◆ Records for the task:
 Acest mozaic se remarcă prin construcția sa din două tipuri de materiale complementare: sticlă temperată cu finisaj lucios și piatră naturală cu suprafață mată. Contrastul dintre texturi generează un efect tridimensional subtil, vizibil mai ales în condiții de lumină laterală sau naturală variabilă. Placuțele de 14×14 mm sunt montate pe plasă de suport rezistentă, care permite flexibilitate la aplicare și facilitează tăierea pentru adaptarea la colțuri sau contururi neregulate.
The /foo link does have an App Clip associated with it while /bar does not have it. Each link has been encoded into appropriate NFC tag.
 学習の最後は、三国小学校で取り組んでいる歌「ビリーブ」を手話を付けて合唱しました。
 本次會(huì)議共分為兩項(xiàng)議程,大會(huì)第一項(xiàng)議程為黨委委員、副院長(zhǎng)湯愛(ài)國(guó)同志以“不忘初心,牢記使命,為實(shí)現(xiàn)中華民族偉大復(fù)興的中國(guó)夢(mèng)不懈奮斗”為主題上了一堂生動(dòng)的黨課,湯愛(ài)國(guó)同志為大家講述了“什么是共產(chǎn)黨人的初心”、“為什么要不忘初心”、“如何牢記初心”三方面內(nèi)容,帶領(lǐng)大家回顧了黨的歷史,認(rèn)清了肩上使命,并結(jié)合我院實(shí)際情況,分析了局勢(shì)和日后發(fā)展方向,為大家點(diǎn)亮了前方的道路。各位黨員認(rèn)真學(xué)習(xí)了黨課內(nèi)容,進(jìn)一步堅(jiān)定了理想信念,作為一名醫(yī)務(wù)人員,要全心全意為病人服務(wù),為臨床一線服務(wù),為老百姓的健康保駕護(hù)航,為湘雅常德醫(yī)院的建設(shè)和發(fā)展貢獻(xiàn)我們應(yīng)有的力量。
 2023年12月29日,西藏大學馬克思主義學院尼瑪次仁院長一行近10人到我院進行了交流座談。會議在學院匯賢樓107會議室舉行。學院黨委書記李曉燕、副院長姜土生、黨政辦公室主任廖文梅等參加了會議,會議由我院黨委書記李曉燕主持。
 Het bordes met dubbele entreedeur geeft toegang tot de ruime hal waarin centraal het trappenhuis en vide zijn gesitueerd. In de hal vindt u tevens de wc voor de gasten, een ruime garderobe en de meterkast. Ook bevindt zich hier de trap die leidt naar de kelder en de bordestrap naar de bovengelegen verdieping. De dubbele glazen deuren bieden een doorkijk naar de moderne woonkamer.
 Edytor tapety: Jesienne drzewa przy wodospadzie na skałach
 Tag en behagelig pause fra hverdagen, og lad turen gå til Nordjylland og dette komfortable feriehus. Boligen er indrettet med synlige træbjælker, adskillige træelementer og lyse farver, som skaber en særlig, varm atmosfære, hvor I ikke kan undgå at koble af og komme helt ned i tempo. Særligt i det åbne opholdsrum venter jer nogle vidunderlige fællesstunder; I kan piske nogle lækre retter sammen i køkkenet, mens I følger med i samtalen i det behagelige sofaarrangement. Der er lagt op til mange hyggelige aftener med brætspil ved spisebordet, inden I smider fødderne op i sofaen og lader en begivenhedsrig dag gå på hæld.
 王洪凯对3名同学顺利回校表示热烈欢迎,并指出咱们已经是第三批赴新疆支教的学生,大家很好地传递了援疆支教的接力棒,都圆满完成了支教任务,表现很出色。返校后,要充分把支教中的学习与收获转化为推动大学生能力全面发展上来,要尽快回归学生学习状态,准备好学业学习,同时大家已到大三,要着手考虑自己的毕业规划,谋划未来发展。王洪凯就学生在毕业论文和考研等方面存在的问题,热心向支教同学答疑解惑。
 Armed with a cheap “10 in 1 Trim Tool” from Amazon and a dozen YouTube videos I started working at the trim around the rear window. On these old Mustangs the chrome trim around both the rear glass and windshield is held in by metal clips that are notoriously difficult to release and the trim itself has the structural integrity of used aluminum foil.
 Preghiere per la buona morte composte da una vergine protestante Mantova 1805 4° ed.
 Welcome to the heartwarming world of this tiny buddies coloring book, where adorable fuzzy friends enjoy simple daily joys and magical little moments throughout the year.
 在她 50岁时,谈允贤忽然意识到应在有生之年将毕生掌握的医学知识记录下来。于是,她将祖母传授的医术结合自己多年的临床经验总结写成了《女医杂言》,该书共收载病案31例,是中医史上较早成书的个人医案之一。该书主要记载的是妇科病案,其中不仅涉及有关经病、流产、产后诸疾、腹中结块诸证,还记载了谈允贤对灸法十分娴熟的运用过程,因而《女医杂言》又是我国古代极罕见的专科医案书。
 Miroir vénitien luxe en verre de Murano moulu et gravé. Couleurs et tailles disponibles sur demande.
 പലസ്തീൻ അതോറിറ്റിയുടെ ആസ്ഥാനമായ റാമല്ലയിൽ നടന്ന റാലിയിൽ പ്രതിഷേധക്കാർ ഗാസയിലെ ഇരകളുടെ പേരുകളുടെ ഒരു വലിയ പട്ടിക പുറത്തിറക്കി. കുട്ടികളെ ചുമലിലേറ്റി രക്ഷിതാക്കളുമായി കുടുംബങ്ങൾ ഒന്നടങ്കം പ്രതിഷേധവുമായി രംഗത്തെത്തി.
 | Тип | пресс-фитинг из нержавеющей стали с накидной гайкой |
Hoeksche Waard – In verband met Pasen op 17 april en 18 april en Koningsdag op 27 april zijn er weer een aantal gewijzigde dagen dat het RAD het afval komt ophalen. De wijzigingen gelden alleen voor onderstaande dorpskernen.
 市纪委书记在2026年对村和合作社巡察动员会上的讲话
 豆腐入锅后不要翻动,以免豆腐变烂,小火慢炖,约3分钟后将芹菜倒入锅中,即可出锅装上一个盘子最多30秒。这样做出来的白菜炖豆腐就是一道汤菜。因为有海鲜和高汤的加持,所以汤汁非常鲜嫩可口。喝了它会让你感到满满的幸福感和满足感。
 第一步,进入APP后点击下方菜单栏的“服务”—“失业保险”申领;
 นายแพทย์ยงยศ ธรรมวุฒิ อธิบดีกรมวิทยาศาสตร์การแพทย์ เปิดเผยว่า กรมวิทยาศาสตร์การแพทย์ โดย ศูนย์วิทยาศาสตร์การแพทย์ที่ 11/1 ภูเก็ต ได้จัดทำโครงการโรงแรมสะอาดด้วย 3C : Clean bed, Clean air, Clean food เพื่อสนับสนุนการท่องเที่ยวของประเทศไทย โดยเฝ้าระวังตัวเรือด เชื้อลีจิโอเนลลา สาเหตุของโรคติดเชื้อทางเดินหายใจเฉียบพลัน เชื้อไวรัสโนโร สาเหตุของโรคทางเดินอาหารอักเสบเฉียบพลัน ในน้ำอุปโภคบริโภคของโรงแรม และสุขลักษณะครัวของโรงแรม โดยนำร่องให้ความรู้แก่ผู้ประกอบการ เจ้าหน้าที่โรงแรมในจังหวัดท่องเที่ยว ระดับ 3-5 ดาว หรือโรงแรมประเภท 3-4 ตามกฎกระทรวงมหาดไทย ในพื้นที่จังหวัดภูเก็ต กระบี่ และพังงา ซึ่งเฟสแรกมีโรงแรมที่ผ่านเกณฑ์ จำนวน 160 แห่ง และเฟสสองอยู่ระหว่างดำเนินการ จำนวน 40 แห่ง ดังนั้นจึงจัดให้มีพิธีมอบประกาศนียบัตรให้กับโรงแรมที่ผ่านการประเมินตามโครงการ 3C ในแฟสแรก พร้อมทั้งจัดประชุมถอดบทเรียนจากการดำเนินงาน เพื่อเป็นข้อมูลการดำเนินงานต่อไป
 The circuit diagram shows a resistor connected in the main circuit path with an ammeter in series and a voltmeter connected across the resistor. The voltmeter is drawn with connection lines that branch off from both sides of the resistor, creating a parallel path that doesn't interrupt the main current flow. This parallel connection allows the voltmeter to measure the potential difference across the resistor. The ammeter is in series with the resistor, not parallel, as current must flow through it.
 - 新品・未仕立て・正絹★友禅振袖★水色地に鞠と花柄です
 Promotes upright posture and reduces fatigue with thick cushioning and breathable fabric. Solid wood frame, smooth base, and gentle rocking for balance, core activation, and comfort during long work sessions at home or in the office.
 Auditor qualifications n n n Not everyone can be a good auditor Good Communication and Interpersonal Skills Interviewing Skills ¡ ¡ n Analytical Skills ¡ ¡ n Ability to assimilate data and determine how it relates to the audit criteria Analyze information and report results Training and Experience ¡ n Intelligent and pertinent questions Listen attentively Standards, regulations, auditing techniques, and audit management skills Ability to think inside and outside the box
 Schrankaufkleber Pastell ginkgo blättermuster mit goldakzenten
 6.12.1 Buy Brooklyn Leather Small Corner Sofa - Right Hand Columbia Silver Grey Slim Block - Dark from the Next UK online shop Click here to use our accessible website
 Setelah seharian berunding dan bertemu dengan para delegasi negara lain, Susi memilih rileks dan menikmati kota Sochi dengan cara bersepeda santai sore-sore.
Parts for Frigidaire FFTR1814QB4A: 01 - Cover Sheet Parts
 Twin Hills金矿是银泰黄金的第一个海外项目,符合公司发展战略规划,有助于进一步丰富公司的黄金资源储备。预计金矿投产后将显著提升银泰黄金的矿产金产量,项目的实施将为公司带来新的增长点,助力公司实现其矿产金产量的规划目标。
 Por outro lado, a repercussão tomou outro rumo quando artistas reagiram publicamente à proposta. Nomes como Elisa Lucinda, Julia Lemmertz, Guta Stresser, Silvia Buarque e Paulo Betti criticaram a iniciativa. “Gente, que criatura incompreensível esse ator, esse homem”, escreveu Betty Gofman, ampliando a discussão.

◆ About this exercise: Copy out the listing above, line by line and exactly, from its first line to the line holding "The /foo link", inclusive.

◆ Solution for this exercise:
 Acest mozaic se remarcă prin construcția sa din două tipuri de materiale complementare: sticlă temperată cu finisaj lucios și piatră naturală cu suprafață mată. Contrastul dintre texturi generează un efect tridimensional subtil, vizibil mai ales în condiții de lumină laterală sau naturală variabilă. Placuțele de 14×14 mm sunt montate pe plasă de suport rezistentă, care permite flexibilitate la aplicare și facilitează tăierea pentru adaptarea la colțuri sau contururi neregulate.
The /foo link does have an App Clip associated with it while /bar does not have it. Each link has been encoded into appropriate NFC tag.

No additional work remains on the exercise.